The answer is yes. If we take a close look at what the IMF researchers say and what its most influential official reports proclaim, then we can see that there has been a more "Keynesian" turn at the Fund. This means that today one can find arguments for less austerity, more growth measures and a fairer social distribution of the burden of fiscal sustainability. The IMF has experienced a major thaw of its fiscal policy doctrine and well-informed member states can use this to their advantage.

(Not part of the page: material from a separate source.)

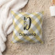 This throw pillow features a beautifully designed monogrammed initial "D" in a lovely watercolor flower motif, combined with a charming blue-grey gingham diagonal pattern. It makes for an ideal retirement gift, showcasing both personalisation and a touch of elegance that will surely brighten up any space.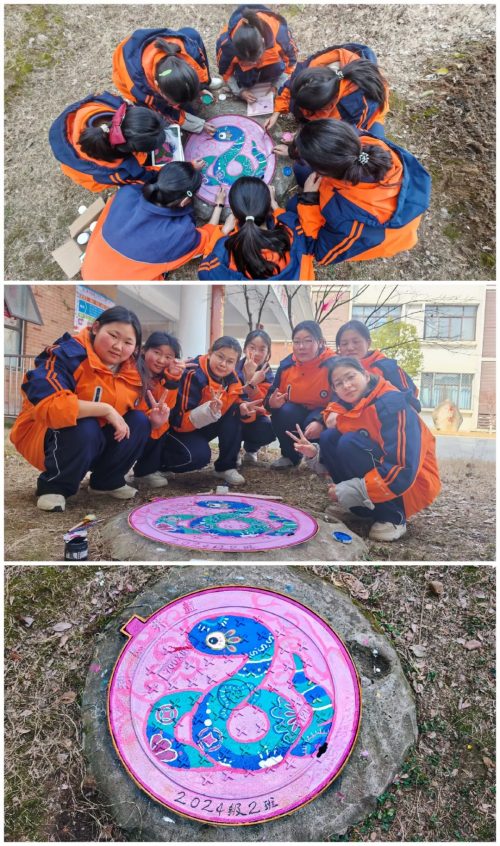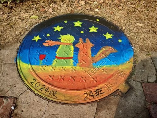 認(rèn)領(lǐng)之后,各班學(xué)生的熱情瞬間被點(diǎn)燃,思維的火花在校園的上空肆意迸發(fā)。他們手持畫(huà)筆,宛如靈動(dòng)的藝術(shù)使者,在井蓋這一方小小的 “畫(huà)布” 上精心勾勒、細(xì)細(xì)描繪。瞧,有的井蓋繪上了夢(mèng)幻綺麗的童話場(chǎng)景,灰姑娘在南瓜馬車(chē)那輕柔的笑語(yǔ)如在耳旁;有的展現(xiàn)著校園生活中充滿趣味的精彩瞬間,同學(xué)們課間的嬉笑打鬧、互助友愛(ài)躍然 “蓋” 上;還有的搭配著富含哲理的名言警句,一筆一畫(huà)間,智慧的光芒熠熠生輝。每一個(gè)井蓋,都被同學(xué)們注入了獨(dú)一無(wú)二的靈魂,冰冷的鋼鐵在他們的妙手下,煥發(fā)出無(wú)限生機(jī)與活力,成為校園里靈動(dòng)而鮮活的文化符號(hào)。學(xué)生們?cè)趧?chuàng)作的過(guò)程中不僅提升了自身的藝術(shù)素養(yǎng),更在潛移默化中培養(yǎng)了正確的價(jià)值觀與高尚的品德。

These changes do not amount to a paradigm shift, a la Paul Krugman's ideas. Yet crisis-ridden countries that are keen to avoid punishing austerity packages can exploit this doctrinal shift by exploring the policy implications of the IMF's own official fiscal doctrine and staff research.  They can cut less spending, shelter the most disadvantaged, tax more at the top of income distribution and think twice before rushing into a fast austerity package.

This much is clear in all of the Fund's World Economic Outlooks and Global Fiscal Monitors published between 2009 and 2013 with regard to four themes: the main goals of fiscal policy, the basic options for countries with fiscal/without fiscal space, the pace of fiscal consolidation, and the composition of fiscal stimulus and consolidation.